As they drove up to the door of the old home, crowded with memories and associations, a shudder passed over the girl; she grasped her father's hand in her own almost convulsively, and he heard her say below her breath, "Poor papa!"

He wondered why she pitied him. The place must surely be full of memories of her mother for her; why did she say "poor papa" to him? He did not see what she saw-that peaceful September evening, and the bottle of cherry-water on the table, with the little phial of thirty deaths in her hand; and now the contents emptied into the harmless draught; and now Madame pale and dead. The whole scene transacted itself vividly before her, and she shuddered at her memories and her past self— as always with a kind of vague wonder how she could have been so wicked, and where did she get the force, the courage for such a cruel crime?
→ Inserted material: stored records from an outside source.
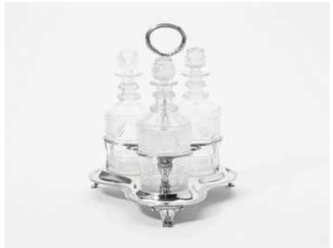
19 Een George III zilveren tafelstel
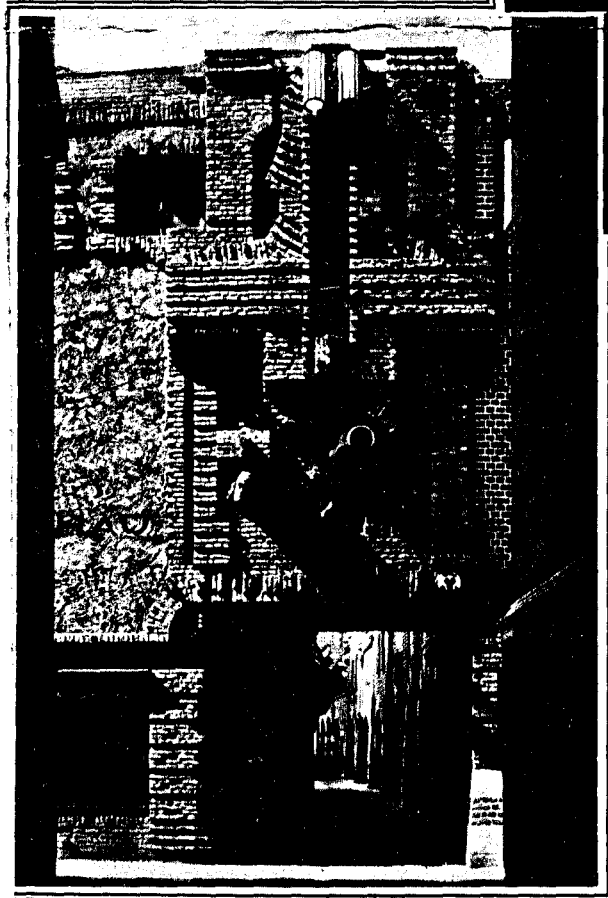
Das Bremer Wappen am Paula Becker-Modersohn- Haus
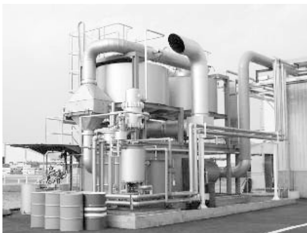
写真2 断熱フロン回収装置

また、当対象家電4品目に定められた再商品化率は、テレビ55%以上、冷蔵庫50%以上、洗濯機50%以上、エアコン60%以上であるが、NKKが実証試験を行っている熱媒浴によるシュレッダーダスト高炉原料化技術を組み合わせることにより、次のステップでは90%以上の再資源化率が可能となる。
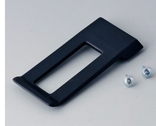
A9172109 Clip de poche ABS (UL 94 HB) noir RAL 9005 62x30mm
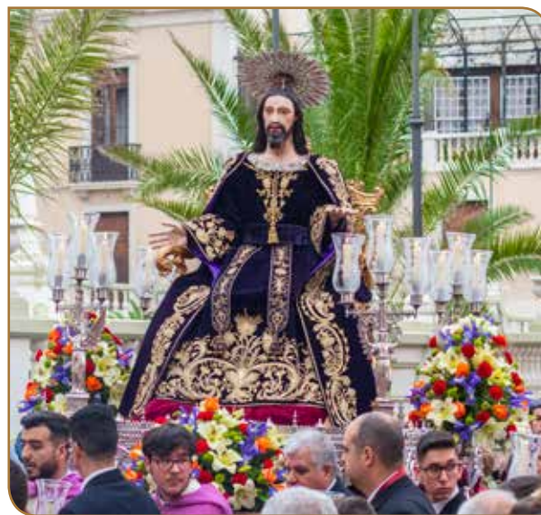
Stmo. Cristo Predicador. Año 1667. Blas García Ravelo. Parroquia de Ntra. Sra. de la Concepción.

For all these four years at school the shadow of that dreadful deed had been ever in the background of her life; and as time went on, and she came to a better understanding of morality, it grew clear to her as a crime. Its consciousness of guilt had broken down her pride, and thus had made her more malleable, more humble. She could no longer harden herself in her belief that she was superior to everyone else. Those girls, her companions-they had not had an Andalusian mother, truly; they did not pray to the Saints, and the Holy Virgin took no care of them; they were Protestants and English, frogs and pigs;-but they had not committed murder. If she should stand up in the middle of the room and tell them what she had done, which of them would touch her hand again? which of them speak to her? English and Protestants as they were, how far superior in their innocence to her, an Andalusian Catholic, in her guilt! But no one lives with remorse. It comes and goes gustily, fitfully; but the things of the present are stronger than the things of the past; else the man with a shameful secret in his life would go mad.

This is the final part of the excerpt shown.